The agreement signed in Washington marks a deepening of US relations with a longstanding European ally, despite a growing focus by President Joe Biden’s administration on Asia.
Greece and the United States signed a five-year extension of the Mutual Defense Cooperation Agreement, which has been renewed each year since 1990, with an understanding it will remain in force indefinitely afterward unless either country gives a two-year notice.
Greece will also allow a greater US troop presence in sites including Alexandroupolis — a port near the Turkish border — as well as the key US hub of Souda Bay in Crete.
Signing the agreement with Secretary of State Antony Blinken, Greek Foreign Minister Nikos Dendias did not explicitly mention Turkey but said Athens has peacefully worked to set maritime demarcations with other neighbors — Egypt, Italy and Albania.
“In the Eastern Mediterranean,” Dendias said, “Greece is facing a casus belli, a threat with war if it exercises its sovereign rights and, I have to say, Greece is facing daily provocation.”
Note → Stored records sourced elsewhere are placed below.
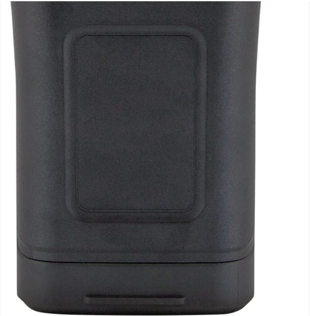
Figure 2: Rear view of the printer, indicating the battery compartment.
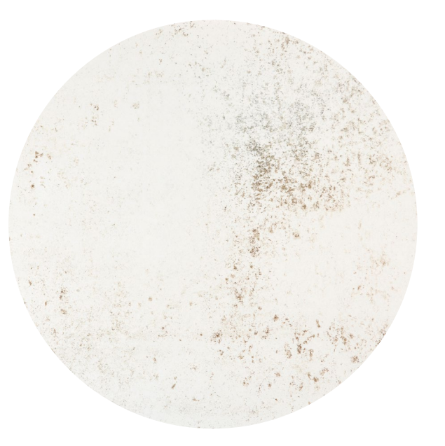
Nilium INDUSTRIAL Collection ☐ GR-IP +
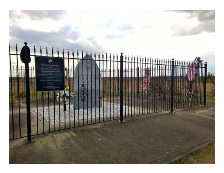
Remembering Viola Liuzzo
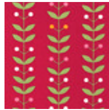
4033-R Red Vine
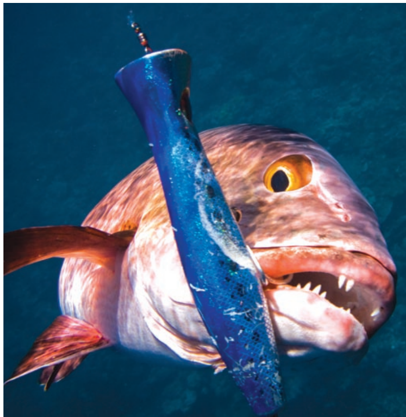
The red bass are very aggressive and make tough opponents, despite their relatively small size.

Not that we were complaining. The time between popper action averaged around ten minutes most days, and you never knew what was
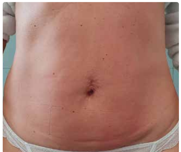
30 days after the 4 th treatment.
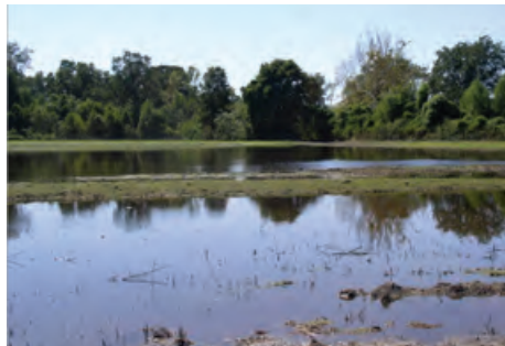
A 211-acre WRP easement in the Mississippi River Drainage area of western Kentucky is only a half-mile from the Reelfoot National Wildlife Refuge.
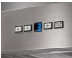
Three-speed, plus boost, electronic controls include 10-minute delay-off and filter clean reminder.
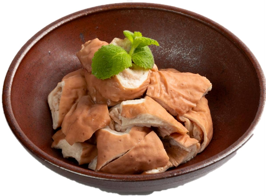
豬大腸 (50克/ 100克) Pork Intestine (50g/ 100g) 5 / 10

“Greece is committed to resolve disputes with diplomacy and always in accordance with international law,” he said.
Blinken called Greece a “strong and reliable ally” and, in a later statement, said the expanded agreement would “advance security and stability in the Eastern Mediterranean and beyond.”
Tensions soared last year when Turkey sent an exploration ship and small navy flotilla to conduct research in waters that Greece considers its own under treaties.
The Greek parliament a week ago ratified a major defense agreement with France, with Athens buying three frigates at a cost of three billion euros ($3.5 billion).
Turkey denounced the French deal, saying the goal was the “isolating and alienating of Turkey instead of cooperation.”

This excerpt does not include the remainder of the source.